For many years I have had trouble with people thinking that passwords were the answer to security. Granted they make it so that joe user can not log onto your computer without knowing or guessing your password. But for anyone with skills passwords are circumventable and the circumvention gets quicker / easier all the time. I am going to focus on cracking windows passwords for this article but the techniques are the same in almost any situation.
NT based opperating systems store your password in an encrypted hash on the disk. This used to be done by taking the password and storing it in two hashes.

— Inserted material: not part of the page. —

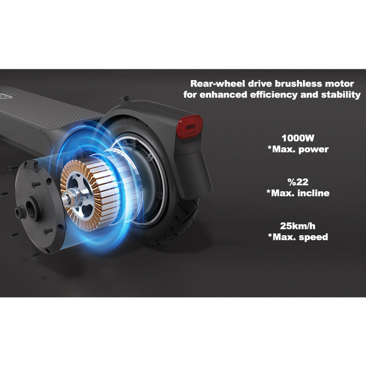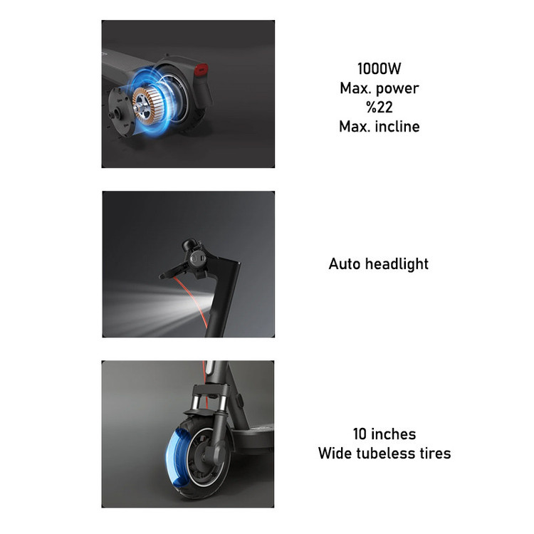 حداکثر توان 400 وات | ماکسیمم سرعت 25km/h | پیمایش 60km | مناسب برای افراد ۱۶ تا ۵۰ ساله | بیشینه وزن قابل تحمل 120kg | قابلیت اتصال به برنامه | تایرهای با دوام | استاندارد IPX5 | بلوتوث نسخه 5 | ترمز مکانیکی چرخ جلو و الکتریکی چرخ عقب

The first is the Lan Manager hash which has been around for ages and is broken into two hashes that are seven bytes each. If your password is under seven characters only the first hash will be filled but if it is ten characters the first hash will have seven characters and the second will have three characters in it. This is a weakness in itself as now you can take one of the two hashes and crack it and guess the second part quite easily (e.g. if the first hash is cracked to “waterme”. I would guess that the password is “watermellon”). The second hash is the NTLM (Nt Lan Manager) hash which is an MD4 encrypted hash that should hold about 128 characters. Much stronger method of storing the password Most servers implement both for backwards compatibility with win9x clients but LM passwords can be disabled.
1. Guess and test method. Basically try things like kids names, birthdays, etc. supprisingly effective still
2. Brute force. Throw a dictionary at it (note: throwing a physical dictionary does not work). L0phtCrack was the most famous one and could crack simple passwords in seconds and then start brute forcing random letter / word combinations.
3. Resetting the password. If you have physical access to the server there are some tools out there that allow you to boot and change the password. I have used the offline password & registry editor for this before with mixed success.
4. If you just want the data and have access to the hardware simply put the drive into a computer that supports NTFS and ta-da you have access to the data
5. Use a rainbow table (the whole point of this article).
Brute Forcing and Rainbow Tables
Brute forcing means that you take a password, hash it, then compare it to the hash on the computer you are trying to crack. If they match then you have found the right password. While an effective way of getting a password it is quite slow even with todays computing to crack complicated passwords.
Rainbow tables is basically a huge database of pre-compiled hashes so to find a password all you have to do is query the table based on the hash you are trying to crack and there is the password. It is sooo fast that I just cracked a complicated password Righ46sdf943 for example in 10 seconds using ophcrack. Granted I needed physical access but it just shows how quickly a password can be cracked using this technique. I beleive the rainbow table I was using was 400mb so that is quite a large database but easy to fit on a cd.
Salting a password is basically the practice of adding a random bit of data to the password so that if two people have the password of “tomatoe” by adding a random salt to each the hashes will be different.
||Hash w/o salt
||Hash w/ salt
By adding a salt value we effectivley change the hash which makes it harder to get it out of the database. If we were to run the salted hashes (that sounds tasty for some reason) we would get out a password of tomatoe2457j5476 for our first record so it is easy to spot the salt added onto the string. Now rainbow tables are only going to have hashes in them for average length passwords to keep size down and speed up. Therefore, if you add a large enough salt you should be able to create a hashed password that is too long to be in most rainbow tables yet allow the user to have a short password. It will just be a matter of time before someone builds a larger database though.
Passwords are not the be-all end-all solution which is becomming more apparent everyday. Migrating towards a biometric or smart card solution seems to be the next step but those are also circumventable but usually harder than getting around a password.